What percentage of the general U.S. population are high-school dropouts? The Statistical Abstract of the United States, 120 th Edition, gives the percentage of high-school dropouts by state. For convenience, the data are sorted in increasing order. \(\begin{array}{rrrrrrrrrr}5 & 6 & 7 & 7 & 7 & 7 & 8 & 8 & 8 & 8 \\ 8 & 9 & 9 & 9 & 9 & 9 & 9 & 9 & 10 & 10 \\ 10 & 10 & 10 & 10 & 10 & 10 & 11 & 11 & 11 & 11 \\ 11 & 11 & 11 & 11 & 12 & 12 & 12 & 12 & 13 & 13 \\ 13 & 13 . & 13 & 13 & 14 & 14 & 14 & 14 & 14 & 15\end{array}\) (a) Make a box-and-whisker plot and find the interquartile range. (b) Wyoming has a dropout rate of about \(7 \%\).

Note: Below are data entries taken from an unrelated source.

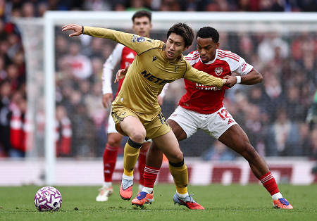 サッカーの欧州各国リーグは26日、各地で行われ、イングランド・プレミアリーグで鎌田大地(中央)のクリスタルパレスはアウェーでアーセナルに0―1で敗れた。鎌田は先発して後半途中までプレー=ロンドン 【AFP時事】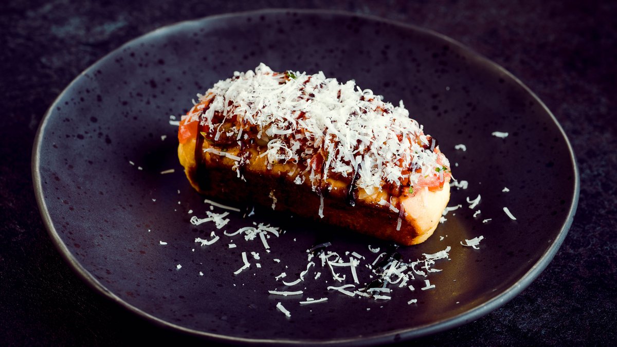 Brioche maizīte, sēnes, trifele, Stracciatella siers, aveņu balzamiko krēms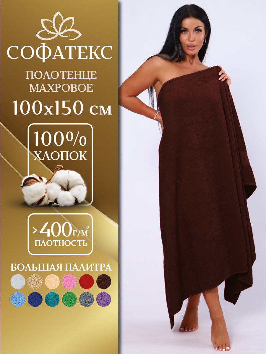 Полотенце банное махровое 100% хлопок Софатекс 100х150 для ванны и душа, цвет шоколадный информация: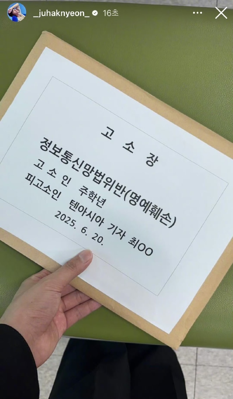 隨後,周鶴年在Ins上傳刑事控告書,控告「TenAsia記者 崔某某」對其的名譽毀損!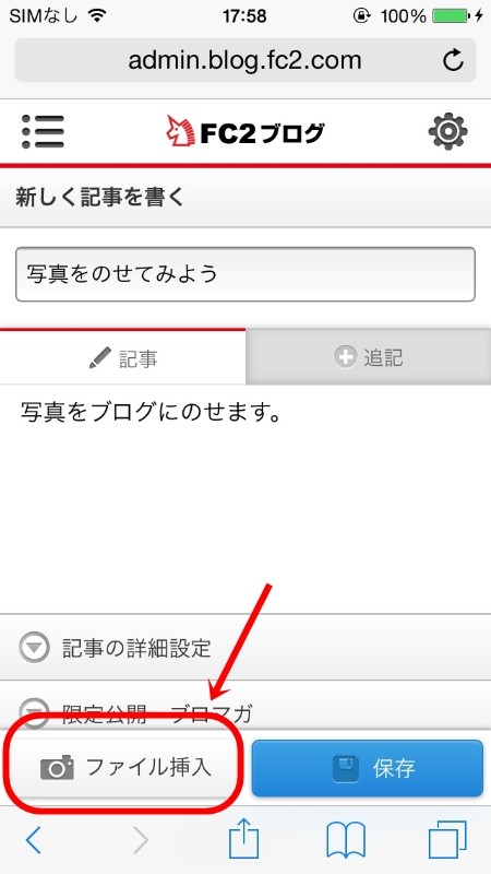 ブログ記事の文章内に写真を入れる手順を説明します。画像は1記事に何点でも載せることができます。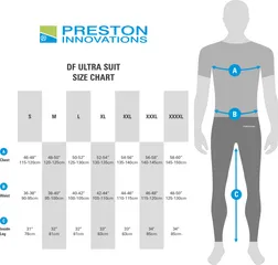 Der Preston Df Ultra Suit ist in Größen von Small (S) bis 4XL und größer erhältlich. Beachte die Größentabelle auf der Produktseite, um deine richtige Größe zu finden. Ein gut sitzender Anzug gewährleistet maximale Bewegungsfreiheit und Komfort beim Werfen, Anschlag und Landen.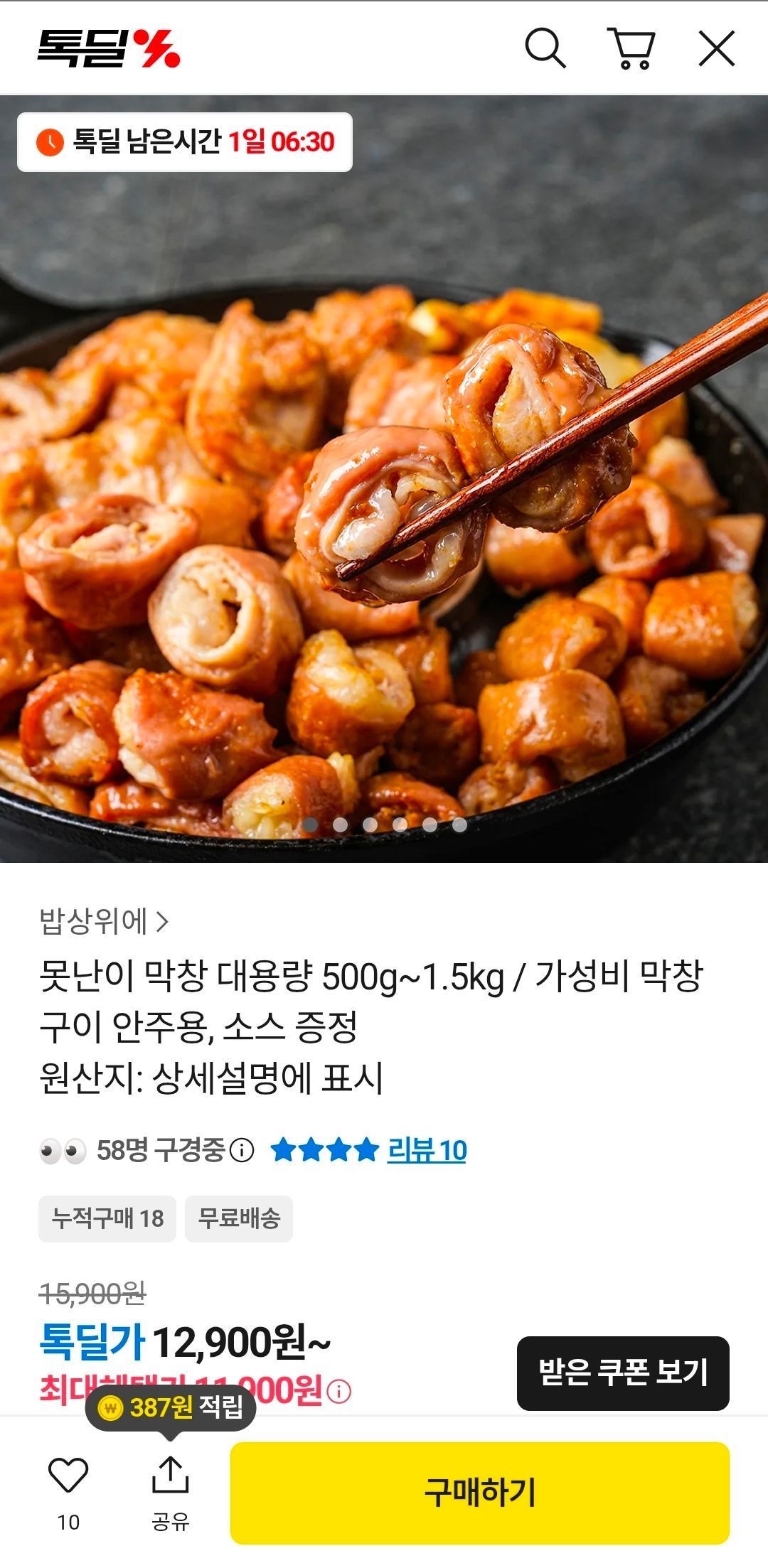 Bắt đầu từ 500 gramBạn phải mua 1,5 kg để nhận được phiếu giảm giá 5.000 won nên rẻ nhất.Xin lưu ý rằng chỉ có 10 đánh giá!!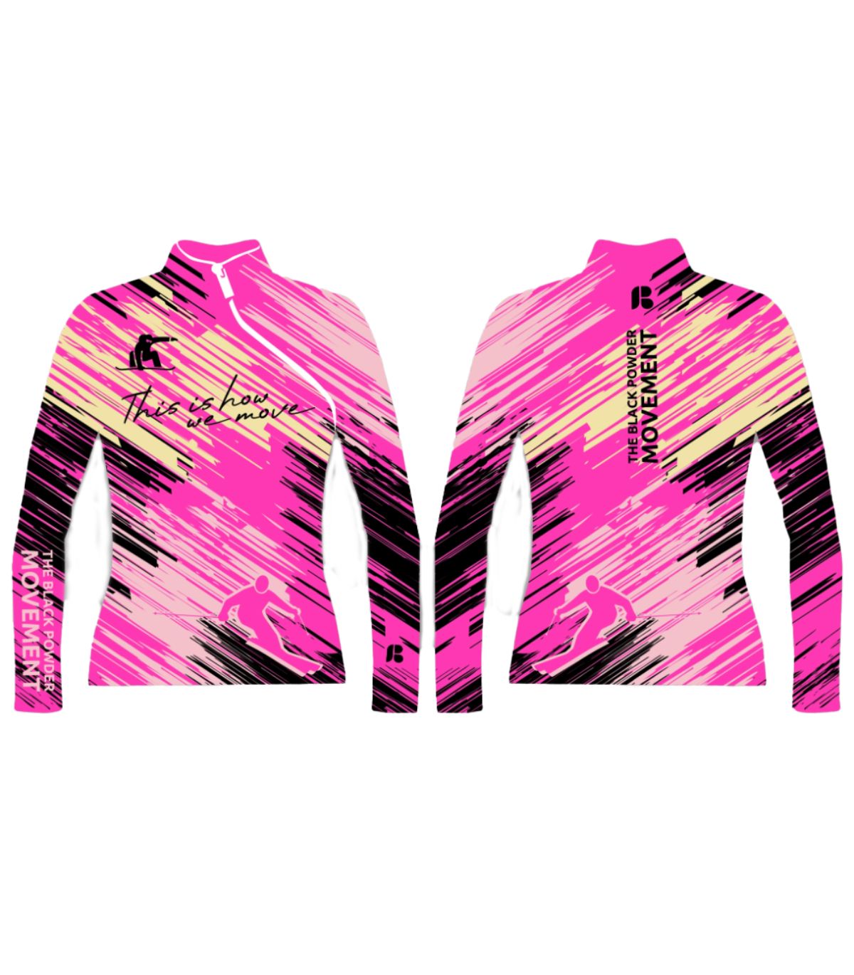 Embrace the energy and passion of winter sports with the 'Pink Passion' shirt. Bold diagonal lines in pink, black, white, and tan create a dynamic visual, while the "This is how we move" slogan on the sleeve encapsulates the spirit of The Black Powder Movement. Iconic skier and boarder symbols complete the design, celebrating your love for the mountain. With its asymmetrical zipper, thumb holes, and UV protection, this shirt isn't just about looks - it's about expressing your passion, staying comfortable, and making a statement on and off the slopes.

Into what quartile does this rate fall?

Short Answer

Expert verified
(a) IQR is 3. (b) Wyoming's dropout rate falls in the first quartile.

Step by step solution

01

Arrange Data and Identify Quartiles

Start by arranging the dropout percentages in order, although it's given in order already. We have total of 50 data points indicating dropout percentages per state. Identify what each quartile represents: 25th percentile (Q1), median (Q2 or 50th percentile), and 75th percentile (Q3). Since our data set is already sorted, let's identify the positions for these quartiles. Q1 is at position (50+1)*0.25=12.75, median at 25.5, and Q3 at 38.25.
02

Calculate Exact Quartile Values

Since we cannot have fractional positions, use the nearest ranks and interpolate if necessary. For Q1 (12.75), take the 12th value (9) and 13th value (9). For the median (Q2), between 25th (10) and 26th (10) values. For Q3(38.25), use 38th value (12) and 39th value (12). Thus, Q1=9, Q2=10.5, and Q3=12.
03

Find the Interquartile Range (IQR)

The Interquartile Range is calculated by subtracting Q1 from Q3, giving IQR=Q3-Q1=12-9=3.
04

Plot Box-and-Whisker Diagram

Draw a number line encompassing the range of dropout rates. Mark minimum (5), Q1 (9), median (10.5), Q3 (12), and maximum (15). Connect Q1, median, and Q3 into a box and extend lines (whiskers) to the smallest and largest data points.
05

Determine the Quartile for Wyoming's Rate

Wyoming's dropout rate is 7%. Since Q1 (9) has a higher dropout rate, this places Wyoming's rate in the first quartile, as it is less than 25% of the values in the data set.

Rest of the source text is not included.